Leaving the pictures aside, transcribe every line below exactly.
*** Opening Input data ***
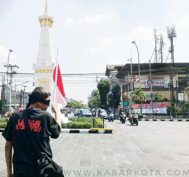 Pada kesempatan ini, Bahar juga melakukan aksi berjalan mundur dengan mata tertutup kain hitam. Aksinya itu dilakukan dari simpang empat tugu Pal Putih Yogyakarta ke utara halte bus Transjogja, sembari membawa bendera setengah tiang.
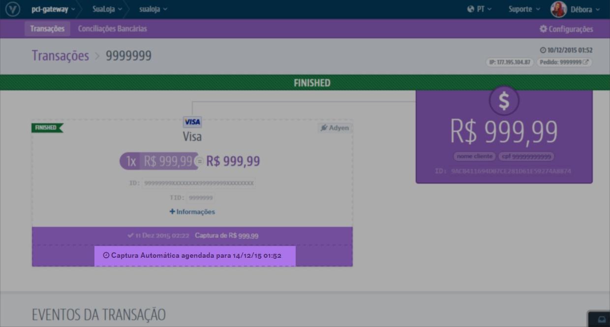 No lado direito há uma caixa que contém o valor total do pedido, os dados do cliente, o ID desse pedido e o número de identificação do Antifraude (caso exista na operação).
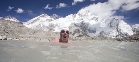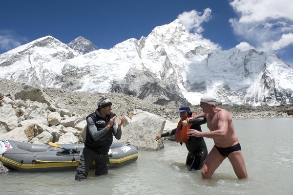 Както съобщава Press Association, 40-годишният британец Люис Гордън Пю (Lewis Gordon Pugh) е първия човек в света, който успява да преплува ледниково езеро в масива на Еверест – само с плувки, защитни очила и шапка.
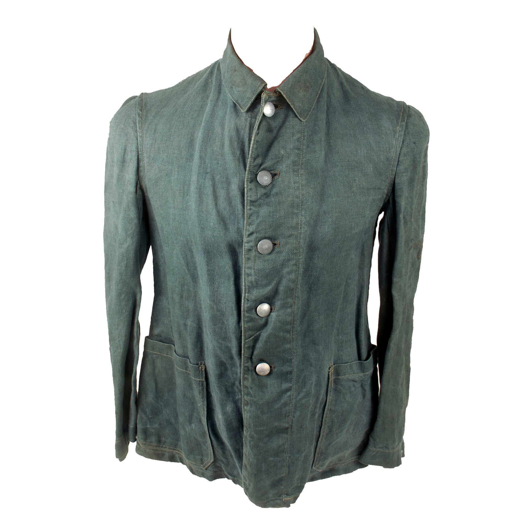 Because of the conditions on the many fronts and the fact that conflicts quickly flared up across much of the Greater Germany landmass, the gray color of this fatigue uniform didn't really match the new camouflage concepts, especially because when in service it would fade to an off white color. By an order of February 12th, 1940 orders were issued stating that these drill uniforms had to be manufactured in green, a color often called "Reed Green". This new version was very popular at the front during the summer months as a cooler alternative to the combat jacket and also as an overall.
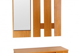Wysmienicie nadaje się do wyposażenia przedpokoju w każdym mieszkaniu. Zawiera dwie malutkie szafki, dwie szuflady np. na buty, dodatkowo do przedpokoju umieszczone są praktyczne wieszaki oraz duże lustro. Klient może sobie wybrać dowolny kolor płyty, dzięki czemu przedpokój będzie idealnie pasować do każdego wnętrza.
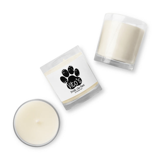Glass Jar Wax Candle with Vito Paw Logo and "Smell Like Paws"
*** Closing Input data ***
§ **The answer**:
 Pada kesempatan ini, Bahar juga melakukan aksi berjalan mundur dengan mata tertutup kain hitam. Aksinya itu dilakukan dari simpang empat tugu Pal Putih Yogyakarta ke utara halte bus Transjogja, sembari membawa bendera setengah tiang.
 No lado direito há uma caixa que contém o valor total do pedido, os dados do cliente, o ID desse pedido e o número de identificação do Antifraude (caso exista na operação).
 Както съобщава Press Association, 40-годишният британец Люис Гордън Пю (Lewis Gordon Pugh) е първия човек в света, който успява да преплува ледниково езеро в масива на Еверест – само с плувки, защитни очила и шапка.
 Because of the conditions on the many fronts and the fact that conflicts quickly flared up across much of the Greater Germany landmass, the gray color of this fatigue uniform didn't really match the new camouflage concepts, especially because when in service it would fade to an off white color. By an order of February 12th, 1940 orders were issued stating that these drill uniforms had to be manufactured in green, a color often called "Reed Green". This new version was very popular at the front during the summer months as a cooler alternative to the combat jacket and also as an overall.
Wysmienicie nadaje się do wyposażenia przedpokoju w każdym mieszkaniu. Zawiera dwie malutkie szafki, dwie szuflady np. na buty, dodatkowo do przedpokoju umieszczone są praktyczne wieszaki oraz duże lustro. Klient może sobie wybrać dowolny kolor płyty, dzięki czemu przedpokój będzie idealnie pasować do każdego wnętrza.
Glass Jar Wax Candle with Vito Paw Logo and "Smell Like Paws"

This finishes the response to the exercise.